The training dataset included white individuals participating in the UKBB study (472,696 individuals aged 37 to 73 years, information obtained from 2006 to 2010) and five non-white ethnicities (with external validation using Lifeline data (168,205). 29,811 individuals). Individuals aged 0 to 93 years, data obtained from 2006 to 2013).

Feature selection was done for model development. The area under the receiver operating characteristic (ROC) curve (AUC) was used to measure predictive accuracy, and sensitivity analysis was performed to assess potential clinical value.

Additionally, a reclassification analysis was conducted comparing questionnaire-only prediction models with models that included biomarkers and physical and clinical T2D risk instruments.

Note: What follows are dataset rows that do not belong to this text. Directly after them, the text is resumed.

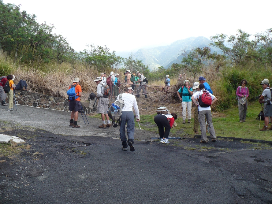 We begin gathering at the trailhead, our goal hidden in haze. Is that Lily, this side of Leonard who is talking with Erika? Karen near, and Carren in the distance!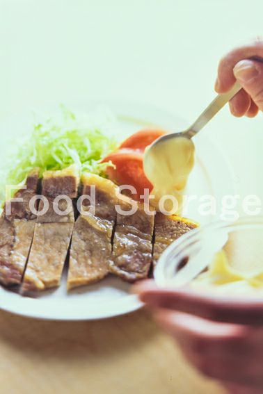豚ロース肉 塩 a(しょうがの絞り汁 しょうゆ みりん) キャベツ トマト マヨネーズ・七味唐辛子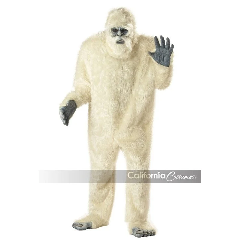 Product Description: Nothing like a snow cone break after a long day terrorizing Swiss Alp climbers. The Abominable Snowman costume includes faux fur bodysuit, inflatable shoulder piece, mask, hands, and feet.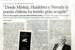 "Desde Mistral, Huidobro y Neruda la poesía chilena ha tenido gran acogida" [artículo] Roberto Carega C.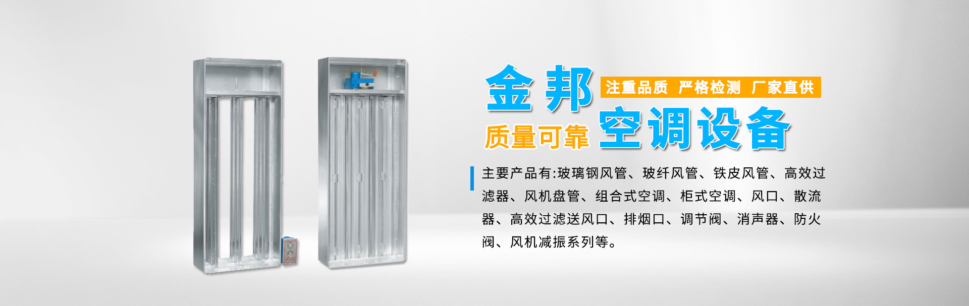 江蘇金邦空調設備制造有限公司專業(yè)生產(chǎn)玻璃鋼風管、玻纖風管、鐵皮風管、高效過濾器、風機盤管、組合式空調、柜式空調、風口、散流器、高效過濾送風口、排煙口、調節(jié)閥、消聲器、防火閥、風機減振系列等產(chǎn)品

Diagnosis of T2D was made among training group participants using self-reported data, which included physician-based T2D diagnosis or hospital records with International Classification of Diseases, Ninth Revision (ICD-9) diagnostic codes. .

Validation group participants were classified as having incident or prevalent type 2 diabetes based on self-report.

According to National Institute for Health and Care Excellence (NICE) recommendations, the threshold for “potentially undiagnosed” T2D in the training and validation datasets included blood glucose levels above 7.0 mmol/L or glycated hemoglobin above 48 mmol/L. (HbA1c) levels. Individuals with “potentially undiagnosed” T2D were excluded from the analysis to reduce bias in l mole prevalence studies.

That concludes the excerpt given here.